A significant challenge for the hydrocarbon industry at the beginning of the current century was related to geologically high-risk oil and gas reservoirs. This led a new generation of geoscientists to focus on three important areas: mature fields, deep water, and unconventional reservoirs. Fortunately, several technological drilling and software innovations have helped further the understanding of global petroleum systems. This paper discusses a case history in which geological integration was performed by a diverse group of geoscientists of varying disciplines, whereby the introduction of integrated geological techniques using computer systems allowed a better conceptualization of reservoir behavior, helping to reduce analysis time. The integrated method uses TIER quantification, which allows enhanced visualization for specialists to identify potential hydrocarbon zones and volumes in the reservoir. This involves generating a two-dimensional (2D) sweet-spot map that is overlaid on petrophysical maps to show the distribution of principal reservoir properties (e.g., effective porosity, hydrocarbon content, pore volume, permeability, sand volume, etc.). Petrophysical evaluation curves are used to calculate a three-dimensional (3D) sweet-spot log using a computer program, which facilitates modeling of the heterogeneity and depth range of the reservoir. It is possible to populate the 3D sweet-spot distribution into a geocellular model. The integration of the sweet-spot distribution, seismic attributes, historical oil production, and petroleum system studies allows for better determination of possible hydrocarbon reservoirs. This helps reduce uncertainty related to potential geological exploration opportunities. The original oil-in-place (OOIP) can be calculated using 3D geocells conforming to arrangements of simulation layers. The static geocellular model then undergoes scaling, which is transferred to a numerical simulator.
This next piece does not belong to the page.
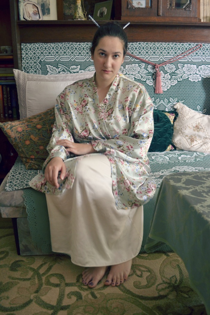 Bardzo lubię spędzać ten szczególny czas w stroju, który podkreśla domową, leniwą atmosferę i wywołuje u mnie odczucie niespieszności, a więc nieodzownym elementem poranka jest dla mnie koszula nocna ze szlafrokiem. Muszę jednak przyznać, że spanie w koszuli jest dla mnie średnio wygodne, dlatego z reguły wybieram piżamy, a kilka koszul nocnych jakie posiadam, pełni rolę takich odzień pomiędzy piżamą, a strojem domowym. Wiem, to skomplikowane.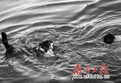 事发4个多小时后,蛙人在事发地附近搜寻到了邱兴和的遗体。 南方日报记者 张由琼 摄

This methodology has been applied in the tight-oil sand reservoir of the Chicontepec channel in Mexico, which is composed of a high stratigraphic element having a concentrated trend of productive Upper Paleocene sands. The structural fault model was not severely affected in the area of interest; therefore, it can be used as a reliable geological model to simplify the integration of sweet-spot distribution for prospective sand intervals.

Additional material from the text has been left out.